How to measure distance in melodic space?

One of my favorite music theorists is Alexander Ellis. Ellis was an interesting character, a researcher in phonetics, and the prototype for Professor Henry Higgins of George Bernard Shaw’s Pygmalion (My Fair Lady). He wrote a huge appendix for Helmholz’s foundational book about psychoacoustics, On the Sensations of Tone, in which he laid out a version of the harmonic lattice that is very much like the one I’m using. The appendix was published in 1885.

Ellis proposed dividing each equal-tempered semitone into 100 equal parts, called cents. This gives 1200 cents to the octave. Cents have caught on almost universally as a way to describe and compare pitches of tones.

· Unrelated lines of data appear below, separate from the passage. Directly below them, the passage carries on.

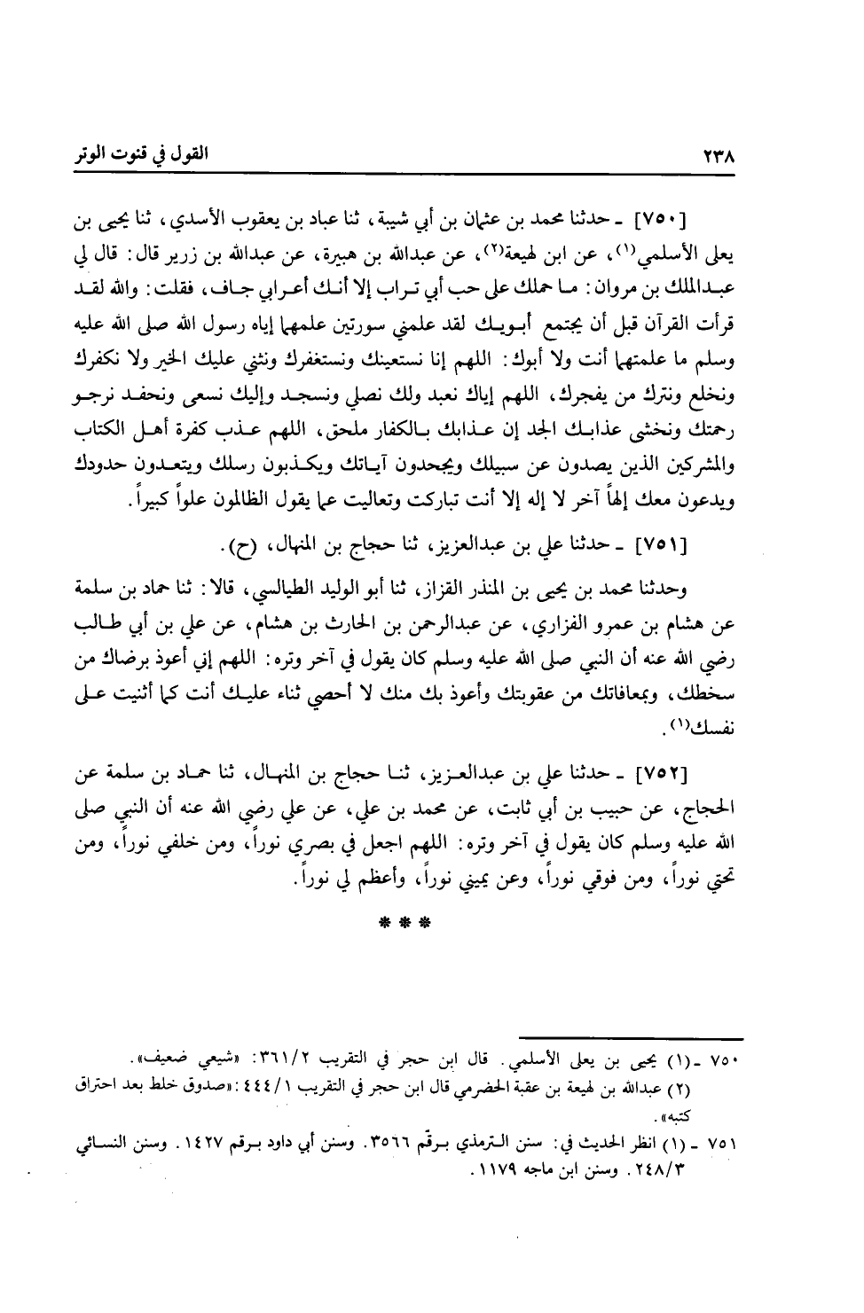 751 - حَدَّثَنَا عَلِيُّ بْنُ عَبْدِ الْعَزِيزِ، ثنا حَجَّاجُ بْنُ الْمِنْهَالِ، ح وَحَدَّثَنَا مُحَمَّدُ بْنُ يَحْيَى بْنِ الْمُنْذِرِ الْقَزَّازُ، ثنا أَبُو الْوَلِيدِ الطَّيَالِسِيُّ، قَالَا: ثنا حَمَّادُ بْنُ سَلَمَةَ، عَنْ هِشَامِ بْنِ عَمْرٍو الْفَزَارِيُّ، عَنْ عَبْدِ الرَّحْمَنِ بْنِ الْحَارِثِ بْنِ هِشَامٍ، عَنْ عَلِيِّ بْنِ أَبِي طَالِبٍ، رَضِيَ اللَّهُ عَنْهُ أَنَّ النَّبِيَّ صَلَّى اللهُ عَلَيْهِ وَسَلَّمَ كَانَ يَقُولُ فِي آخِرِ وِتْرِهِ: «§اللَّهُمَّ إِنِّي أَعُوذُ بِرِضَاكَ مِنْ سَخَطِكَ، وَبِمُعَافَاتِكَ مِنْ عُقُوبَتِكَ، وَأَعُوذُ بِكَ مِنْكَ، لَا أُحْصِي ثَنَاءً عَلَيْكَ، أَنْتَ كَمَا أَثْنَيْتَ عَلَى نَفْسِكَ»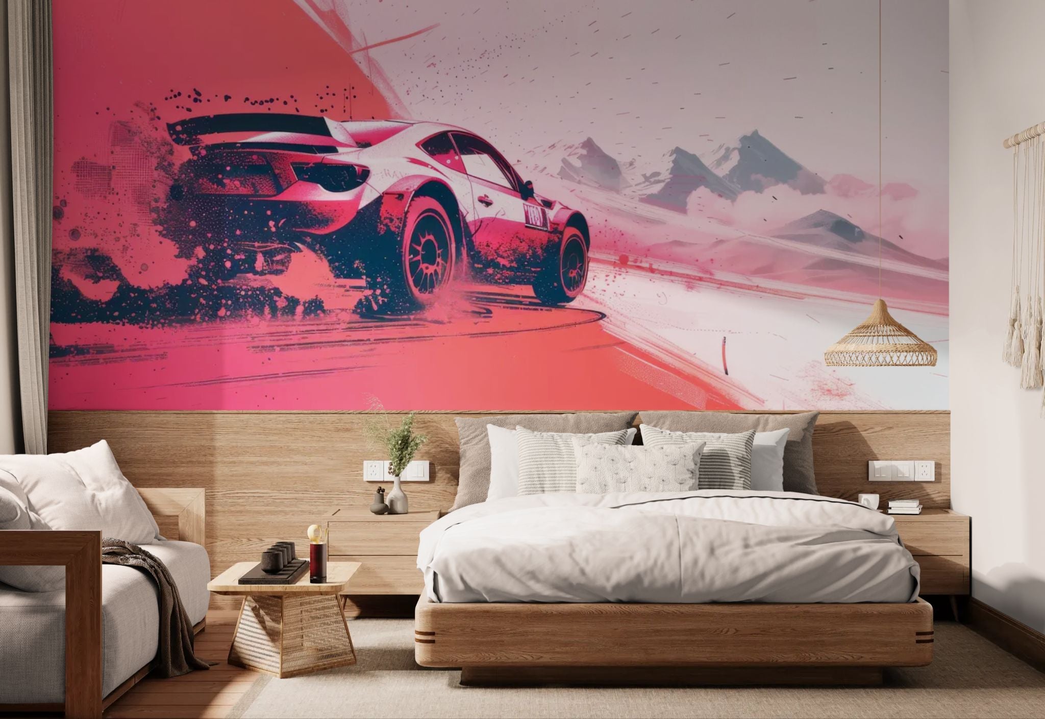 Pure speed. Celebrate mechanical performance with this rally wallpaper . The dynamic shot of the car in action, kicking up dust, emphasizes power and speed. This immersive design transforms the room into a VIP paddock, bringing undeniable kinetic energy. The perfect choice for a games room, a converted garage, or the bedroom of a motorsport fan.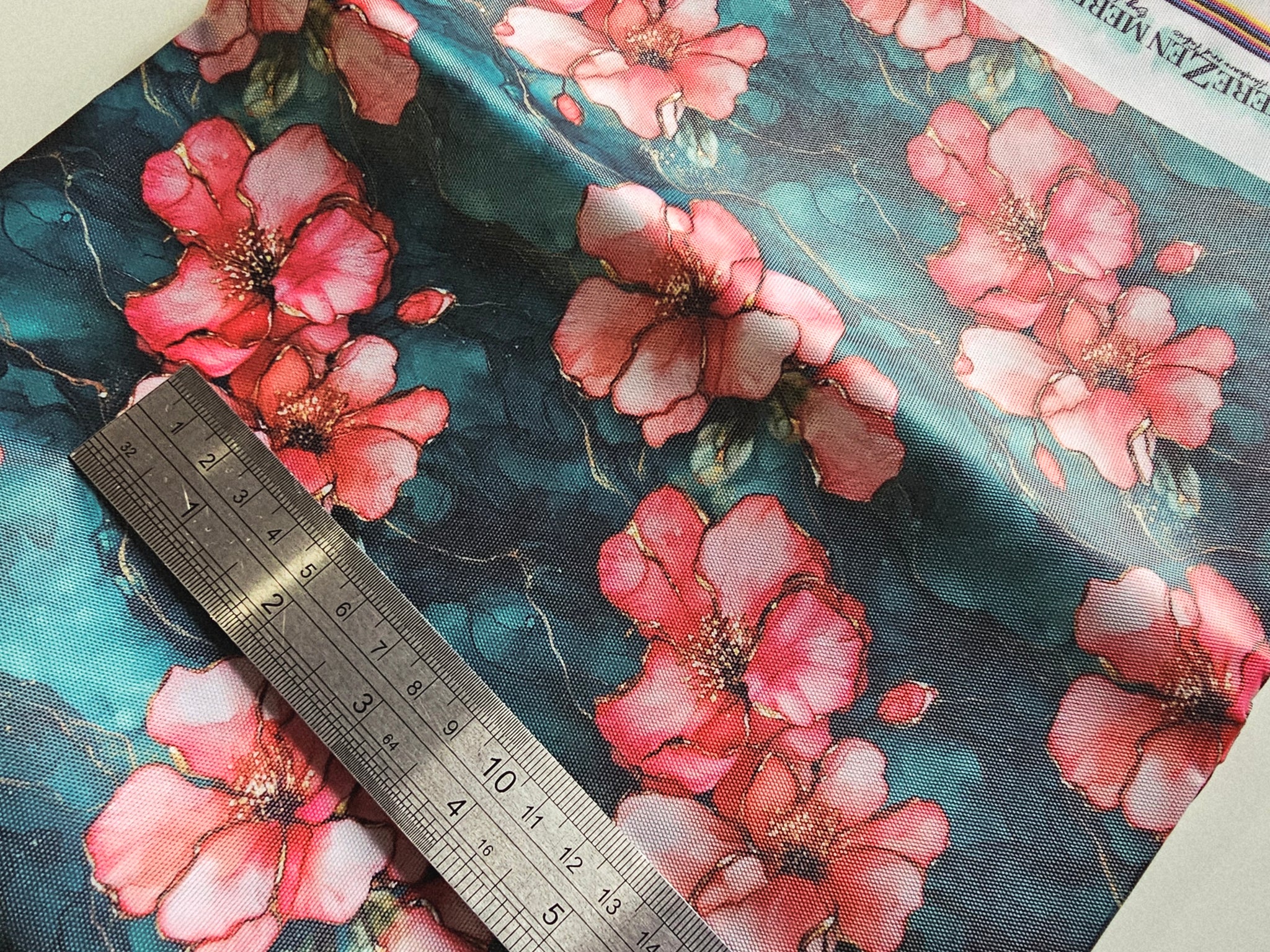 Our gorgeous new water resistant canvas in this ink petal print showcasing pink florals in the green teal tones is just perfect for your next make. This printed WRC is perfect for linings and super cost effective. This can be used for exteriors also making the perfect swim or cosmetic bags.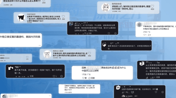 3月下旬,小红书等社交平台有关海淘购药帖子的用户评论(吴起龙制图)

Cents are a logarithmic unit. Logarithms form a bridge between addition and multiplication. When you add logarithms, you are multiplying in the real world. Adding 1200 cents is the same as multiplying by 2. When you add one cent, you are multiplying by a small number, the same number each time. It’s the 1200th root of two, in fact, a very small number, about 1.0006. Multiply by 1.0006, 1200 times, and you get 2.

The ratios themselves show what the pitch of a note will be, and there’s a formula for translating from harmonic space (ratios, the lattice) to melodic space (cents, pitch). It is great fun, if you’re a geek like me, to plug this formula into a spreadsheet and start exploring the musical spectrum.

For any ratio, b/a, the pitch in cents is:

1200 x log2(b/a)

That’s log to the base 2. A good straightforward explanation of logarithms can be found here. They are a handy concept in the study of perception, since many human senses, including visual brightness, loudness and pitch, work in a logarithmic way. A 100-watt amplifier sounds louder than a 10-watt amp, but it’s nowhere near 10 times as loud. Maybe three times as loud, subjectively? A 10-watt amp is louder than a 1-watt by about the same amount. I have a 1-watt Vox tube amp that the neighbors have yelled at me about. For something to sound “twice as loud,” it has to be moving something like 4 or 5 times as much air.

So let’s run that formula. The untempered major third is a ratio of 5/4.

log2(5/4) = 0.32

x 1200 = 386.3 cents

The ET major third is at exactly 400 cents, 14 cents sharper. This is a clearly audible difference — the ear can distinguish a difference of about 5-10 cents.

Cents give us a language for comparing pitches, and quantifying the differences between them.